The coronavirus crisis demands impact funds - Comment & Profiles -

The effects of Covid-19 are felt most in the poorest countries. The president of the Impact Fund for Children at Unicef USA explains how impact investing can help.

Cristina Shapiro

As the US grapples with a new surge in Covid-19 cases, public health experts are urging people to maintain social distance to limit the spread of the virus. The new outbreaks are a painful reminder of the need to remain vigilant in our response to the virus, both in the US and around the world.

In the next few months, coronavirus infections may peak in the world’s poorest countries, adding further strain to healthcare and economic systems already unable to meet needs. In May, the World Bank warned that up to 60 million people were at risk of falling into extreme poverty as a result of the pandemic. 
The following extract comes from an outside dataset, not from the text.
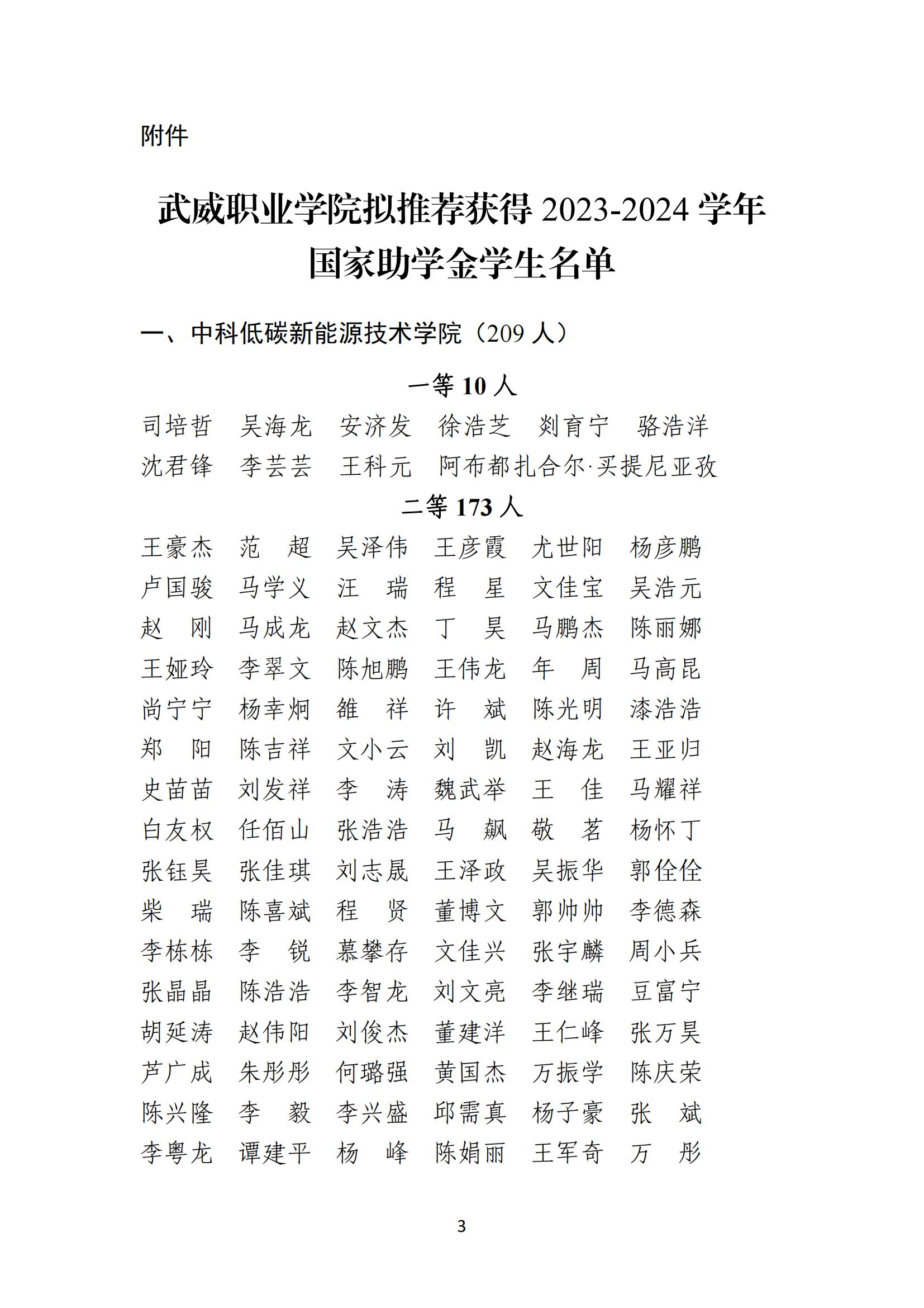 武威職業(yè)學(xué)院關(guān)于2023-2024學(xué)年國家助學(xué)金評(píng)選結(jié)果的公示

Even as this crisis sends millions into poverty, it has already affected traditional sources of relief funding. Foreign direct investment, typically a major source of funding for international development, could drop by between 30% and 40% by 2021. Faced with this looming gap in funding, the US’s $1200bn impact investing industry could be essential in easing the global effects of the virus. Impact investors must play a huge role in helping to mitigate the pandemic’s health and economic consequences in the world’s most vulnerable countries.

Even before the pandemic, global development experts knew that investments in health, especially for the most vulnerable children, are crucial drivers of economic progress. Within the context of the current crisis, some impact investors have responded by supporting companies directly involved in addressing the pandemic, including those that focus on biotechnology and human health. These important efforts can range from local relief funds to supporting small businesses or vulnerable communities.

In low- and middle-income countries, there is now an urgent need for impact investors to take action to alleviate near-term impacts, such as by funding procurement of more personal protective equipment (PPE) and other medical supplies — but the impact need not end there. Those funds can be structured or re-invested to address longer-term systemic issues that were aggravated due to Covid-19, such as income and gender inequality, and unemployment.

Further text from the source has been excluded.